* _Given entries_
##############################
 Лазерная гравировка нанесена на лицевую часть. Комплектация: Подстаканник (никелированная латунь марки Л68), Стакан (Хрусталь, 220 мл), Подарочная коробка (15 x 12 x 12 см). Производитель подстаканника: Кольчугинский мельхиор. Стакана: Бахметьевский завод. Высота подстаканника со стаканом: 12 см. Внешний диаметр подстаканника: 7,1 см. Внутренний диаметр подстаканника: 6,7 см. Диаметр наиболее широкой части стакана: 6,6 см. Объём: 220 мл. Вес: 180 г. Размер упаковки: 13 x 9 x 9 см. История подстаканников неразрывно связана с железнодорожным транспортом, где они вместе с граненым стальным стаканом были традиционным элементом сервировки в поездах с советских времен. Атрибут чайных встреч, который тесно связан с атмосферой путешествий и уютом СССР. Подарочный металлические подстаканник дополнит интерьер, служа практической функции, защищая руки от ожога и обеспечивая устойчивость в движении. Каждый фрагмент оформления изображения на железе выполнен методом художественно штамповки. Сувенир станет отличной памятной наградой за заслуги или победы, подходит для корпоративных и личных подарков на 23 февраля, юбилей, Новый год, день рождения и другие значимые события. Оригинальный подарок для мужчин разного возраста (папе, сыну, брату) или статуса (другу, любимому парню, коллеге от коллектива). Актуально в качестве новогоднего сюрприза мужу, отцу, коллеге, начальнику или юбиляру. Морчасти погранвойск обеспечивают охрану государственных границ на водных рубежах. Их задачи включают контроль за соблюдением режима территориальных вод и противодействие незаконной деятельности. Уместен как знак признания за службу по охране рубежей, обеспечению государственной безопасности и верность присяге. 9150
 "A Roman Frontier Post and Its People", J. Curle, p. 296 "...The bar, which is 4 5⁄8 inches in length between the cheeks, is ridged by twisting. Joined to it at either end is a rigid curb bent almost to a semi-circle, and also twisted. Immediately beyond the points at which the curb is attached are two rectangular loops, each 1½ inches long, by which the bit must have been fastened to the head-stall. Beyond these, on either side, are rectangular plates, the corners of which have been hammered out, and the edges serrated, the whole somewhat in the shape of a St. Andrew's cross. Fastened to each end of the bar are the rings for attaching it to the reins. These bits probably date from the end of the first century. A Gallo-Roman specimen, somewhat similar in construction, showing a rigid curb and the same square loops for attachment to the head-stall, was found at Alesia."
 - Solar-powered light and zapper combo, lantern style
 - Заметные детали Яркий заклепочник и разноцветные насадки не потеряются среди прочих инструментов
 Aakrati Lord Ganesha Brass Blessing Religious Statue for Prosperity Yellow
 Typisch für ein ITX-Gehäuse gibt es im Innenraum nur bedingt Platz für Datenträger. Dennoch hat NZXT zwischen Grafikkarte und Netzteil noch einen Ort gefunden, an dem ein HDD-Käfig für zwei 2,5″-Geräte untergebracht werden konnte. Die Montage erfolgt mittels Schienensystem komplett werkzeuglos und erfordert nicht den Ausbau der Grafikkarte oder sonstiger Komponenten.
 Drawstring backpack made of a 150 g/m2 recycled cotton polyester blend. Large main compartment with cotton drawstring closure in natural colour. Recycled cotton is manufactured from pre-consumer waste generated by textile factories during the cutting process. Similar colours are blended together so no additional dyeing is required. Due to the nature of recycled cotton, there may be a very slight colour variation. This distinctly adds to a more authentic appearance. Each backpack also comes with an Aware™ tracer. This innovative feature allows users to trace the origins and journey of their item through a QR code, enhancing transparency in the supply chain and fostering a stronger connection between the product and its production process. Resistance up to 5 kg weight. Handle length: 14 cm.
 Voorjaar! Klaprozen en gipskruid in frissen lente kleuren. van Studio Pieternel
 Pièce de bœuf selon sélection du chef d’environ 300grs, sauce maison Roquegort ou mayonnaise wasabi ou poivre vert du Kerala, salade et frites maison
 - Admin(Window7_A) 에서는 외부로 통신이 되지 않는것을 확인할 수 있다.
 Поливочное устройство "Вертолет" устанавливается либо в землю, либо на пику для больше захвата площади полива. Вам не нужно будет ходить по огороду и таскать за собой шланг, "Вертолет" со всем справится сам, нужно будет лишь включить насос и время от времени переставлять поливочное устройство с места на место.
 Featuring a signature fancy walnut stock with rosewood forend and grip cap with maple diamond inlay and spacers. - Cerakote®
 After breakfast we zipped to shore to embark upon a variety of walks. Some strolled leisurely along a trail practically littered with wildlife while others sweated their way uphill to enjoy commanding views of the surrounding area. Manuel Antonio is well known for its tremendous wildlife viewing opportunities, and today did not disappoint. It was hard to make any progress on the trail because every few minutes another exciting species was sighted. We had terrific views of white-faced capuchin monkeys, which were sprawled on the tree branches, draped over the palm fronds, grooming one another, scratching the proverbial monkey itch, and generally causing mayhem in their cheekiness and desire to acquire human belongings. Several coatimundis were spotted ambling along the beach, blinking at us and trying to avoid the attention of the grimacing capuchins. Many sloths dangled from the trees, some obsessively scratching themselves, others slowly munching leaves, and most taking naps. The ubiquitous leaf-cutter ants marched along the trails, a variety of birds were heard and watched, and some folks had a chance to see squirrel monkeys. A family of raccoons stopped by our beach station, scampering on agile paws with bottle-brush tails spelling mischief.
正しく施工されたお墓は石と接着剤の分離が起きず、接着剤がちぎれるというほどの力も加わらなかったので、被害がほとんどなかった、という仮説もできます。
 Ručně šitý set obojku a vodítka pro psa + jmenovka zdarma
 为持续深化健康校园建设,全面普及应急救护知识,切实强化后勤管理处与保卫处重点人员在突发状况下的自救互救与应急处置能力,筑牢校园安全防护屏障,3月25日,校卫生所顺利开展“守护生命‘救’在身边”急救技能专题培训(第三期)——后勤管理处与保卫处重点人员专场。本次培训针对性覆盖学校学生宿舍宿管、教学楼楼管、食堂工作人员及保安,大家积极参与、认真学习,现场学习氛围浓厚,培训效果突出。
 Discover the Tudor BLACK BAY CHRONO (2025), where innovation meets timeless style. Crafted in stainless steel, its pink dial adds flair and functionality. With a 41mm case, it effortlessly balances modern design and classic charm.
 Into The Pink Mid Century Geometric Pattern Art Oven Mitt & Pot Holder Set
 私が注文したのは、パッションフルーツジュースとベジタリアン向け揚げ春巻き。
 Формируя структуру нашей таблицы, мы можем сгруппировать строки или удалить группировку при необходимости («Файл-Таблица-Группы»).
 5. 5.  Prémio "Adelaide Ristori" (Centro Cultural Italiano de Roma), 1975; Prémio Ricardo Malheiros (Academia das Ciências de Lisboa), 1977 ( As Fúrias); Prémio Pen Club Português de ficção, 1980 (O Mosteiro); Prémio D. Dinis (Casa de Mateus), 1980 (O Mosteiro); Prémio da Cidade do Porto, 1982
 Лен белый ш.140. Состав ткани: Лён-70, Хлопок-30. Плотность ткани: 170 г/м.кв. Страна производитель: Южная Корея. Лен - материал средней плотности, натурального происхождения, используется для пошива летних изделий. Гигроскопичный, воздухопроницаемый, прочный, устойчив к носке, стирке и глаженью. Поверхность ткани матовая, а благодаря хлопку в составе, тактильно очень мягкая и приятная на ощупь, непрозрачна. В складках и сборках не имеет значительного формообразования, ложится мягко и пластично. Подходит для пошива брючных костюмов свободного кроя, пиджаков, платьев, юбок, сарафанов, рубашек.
##############################
* _Work task_
An exact reproduction of the listing is needed.

* _Response box_
 Лазерная гравировка нанесена на лицевую часть. Комплектация: Подстаканник (никелированная латунь марки Л68), Стакан (Хрусталь, 220 мл), Подарочная коробка (15 x 12 x 12 см). Производитель подстаканника: Кольчугинский мельхиор. Стакана: Бахметьевский завод. Высота подстаканника со стаканом: 12 см. Внешний диаметр подстаканника: 7,1 см. Внутренний диаметр подстаканника: 6,7 см. Диаметр наиболее широкой части стакана: 6,6 см. Объём: 220 мл. Вес: 180 г. Размер упаковки: 13 x 9 x 9 см. История подстаканников неразрывно связана с железнодорожным транспортом, где они вместе с граненым стальным стаканом были традиционным элементом сервировки в поездах с советских времен. Атрибут чайных встреч, который тесно связан с атмосферой путешествий и уютом СССР. Подарочный металлические подстаканник дополнит интерьер, служа практической функции, защищая руки от ожога и обеспечивая устойчивость в движении. Каждый фрагмент оформления изображения на железе выполнен методом художественно штамповки. Сувенир станет отличной памятной наградой за заслуги или победы, подходит для корпоративных и личных подарков на 23 февраля, юбилей, Новый год, день рождения и другие значимые события. Оригинальный подарок для мужчин разного возраста (папе, сыну, брату) или статуса (другу, любимому парню, коллеге от коллектива). Актуально в качестве новогоднего сюрприза мужу, отцу, коллеге, начальнику или юбиляру. Морчасти погранвойск обеспечивают охрану государственных границ на водных рубежах. Их задачи включают контроль за соблюдением режима территориальных вод и противодействие незаконной деятельности. Уместен как знак признания за службу по охране рубежей, обеспечению государственной безопасности и верность присяге. 9150
 "A Roman Frontier Post and Its People", J. Curle, p. 296 "...The bar, which is 4 5⁄8 inches in length between the cheeks, is ridged by twisting. Joined to it at either end is a rigid curb bent almost to a semi-circle, and also twisted. Immediately beyond the points at which the curb is attached are two rectangular loops, each 1½ inches long, by which the bit must have been fastened to the head-stall. Beyond these, on either side, are rectangular plates, the corners of which have been hammered out, and the edges serrated, the whole somewhat in the shape of a St. Andrew's cross. Fastened to each end of the bar are the rings for attaching it to the reins. These bits probably date from the end of the first century. A Gallo-Roman specimen, somewhat similar in construction, showing a rigid curb and the same square loops for attachment to the head-stall, was found at Alesia."
 - Solar-powered light and zapper combo, lantern style
 - Заметные детали Яркий заклепочник и разноцветные насадки не потеряются среди прочих инструментов
 Aakrati Lord Ganesha Brass Blessing Religious Statue for Prosperity Yellow
 Typisch für ein ITX-Gehäuse gibt es im Innenraum nur bedingt Platz für Datenträger. Dennoch hat NZXT zwischen Grafikkarte und Netzteil noch einen Ort gefunden, an dem ein HDD-Käfig für zwei 2,5″-Geräte untergebracht werden konnte. Die Montage erfolgt mittels Schienensystem komplett werkzeuglos und erfordert nicht den Ausbau der Grafikkarte oder sonstiger Komponenten.
 Drawstring backpack made of a 150 g/m2 recycled cotton polyester blend. Large main compartment with cotton drawstring closure in natural colour. Recycled cotton is manufactured from pre-consumer waste generated by textile factories during the cutting process. Similar colours are blended together so no additional dyeing is required. Due to the nature of recycled cotton, there may be a very slight colour variation. This distinctly adds to a more authentic appearance. Each backpack also comes with an Aware™ tracer. This innovative feature allows users to trace the origins and journey of their item through a QR code, enhancing transparency in the supply chain and fostering a stronger connection between the product and its production process. Resistance up to 5 kg weight. Handle length: 14 cm.
 Voorjaar! Klaprozen en gipskruid in frissen lente kleuren. van Studio Pieternel
 Pièce de bœuf selon sélection du chef d’environ 300grs, sauce maison Roquegort ou mayonnaise wasabi ou poivre vert du Kerala, salade et frites maison
 - Admin(Window7_A) 에서는 외부로 통신이 되지 않는것을 확인할 수 있다.
 Поливочное устройство "Вертолет" устанавливается либо в землю, либо на пику для больше захвата площади полива. Вам не нужно будет ходить по огороду и таскать за собой шланг, "Вертолет" со всем справится сам, нужно будет лишь включить насос и время от времени переставлять поливочное устройство с места на место.
 Featuring a signature fancy walnut stock with rosewood forend and grip cap with maple diamond inlay and spacers. - Cerakote®
 After breakfast we zipped to shore to embark upon a variety of walks. Some strolled leisurely along a trail practically littered with wildlife while others sweated their way uphill to enjoy commanding views of the surrounding area. Manuel Antonio is well known for its tremendous wildlife viewing opportunities, and today did not disappoint. It was hard to make any progress on the trail because every few minutes another exciting species was sighted. We had terrific views of white-faced capuchin monkeys, which were sprawled on the tree branches, draped over the palm fronds, grooming one another, scratching the proverbial monkey itch, and generally causing mayhem in their cheekiness and desire to acquire human belongings. Several coatimundis were spotted ambling along the beach, blinking at us and trying to avoid the attention of the grimacing capuchins. Many sloths dangled from the trees, some obsessively scratching themselves, others slowly munching leaves, and most taking naps. The ubiquitous leaf-cutter ants marched along the trails, a variety of birds were heard and watched, and some folks had a chance to see squirrel monkeys. A family of raccoons stopped by our beach station, scampering on agile paws with bottle-brush tails spelling mischief.
正しく施工されたお墓は石と接着剤の分離が起きず、接着剤がちぎれるというほどの力も加わらなかったので、被害がほとんどなかった、という仮説もできます。
 Ručně šitý set obojku a vodítka pro psa + jmenovka zdarma
 为持续深化健康校园建设,全面普及应急救护知识,切实强化后勤管理处与保卫处重点人员在突发状况下的自救互救与应急处置能力,筑牢校园安全防护屏障,3月25日,校卫生所顺利开展“守护生命‘救’在身边”急救技能专题培训(第三期)——后勤管理处与保卫处重点人员专场。本次培训针对性覆盖学校学生宿舍宿管、教学楼楼管、食堂工作人员及保安,大家积极参与、认真学习,现场学习氛围浓厚,培训效果突出。
 Discover the Tudor BLACK BAY CHRONO (2025), where innovation meets timeless style. Crafted in stainless steel, its pink dial adds flair and functionality. With a 41mm case, it effortlessly balances modern design and classic charm.
 Into The Pink Mid Century Geometric Pattern Art Oven Mitt & Pot Holder Set
 私が注文したのは、パッションフルーツジュースとベジタリアン向け揚げ春巻き。
 Формируя структуру нашей таблицы, мы можем сгруппировать строки или удалить группировку при необходимости («Файл-Таблица-Группы»).
 5. 5.  Prémio "Adelaide Ristori" (Centro Cultural Italiano de Roma), 1975; Prémio Ricardo Malheiros (Academia das Ciências de Lisboa), 1977 ( As Fúrias); Prémio Pen Club Português de ficção, 1980 (O Mosteiro); Prémio D. Dinis (Casa de Mateus), 1980 (O Mosteiro); Prémio da Cidade do Porto, 1982
 Лен белый ш.140. Состав ткани: Лён-70, Хлопок-30. Плотность ткани: 170 г/м.кв. Страна производитель: Южная Корея. Лен - материал средней плотности, натурального происхождения, используется для пошива летних изделий. Гигроскопичный, воздухопроницаемый, прочный, устойчив к носке, стирке и глаженью. Поверхность ткани матовая, а благодаря хлопку в составе, тактильно очень мягкая и приятная на ощупь, непрозрачна. В складках и сборках не имеет значительного формообразования, ложится мягко и пластично. Подходит для пошива брючных костюмов свободного кроя, пиджаков, платьев, юбок, сарафанов, рубашек.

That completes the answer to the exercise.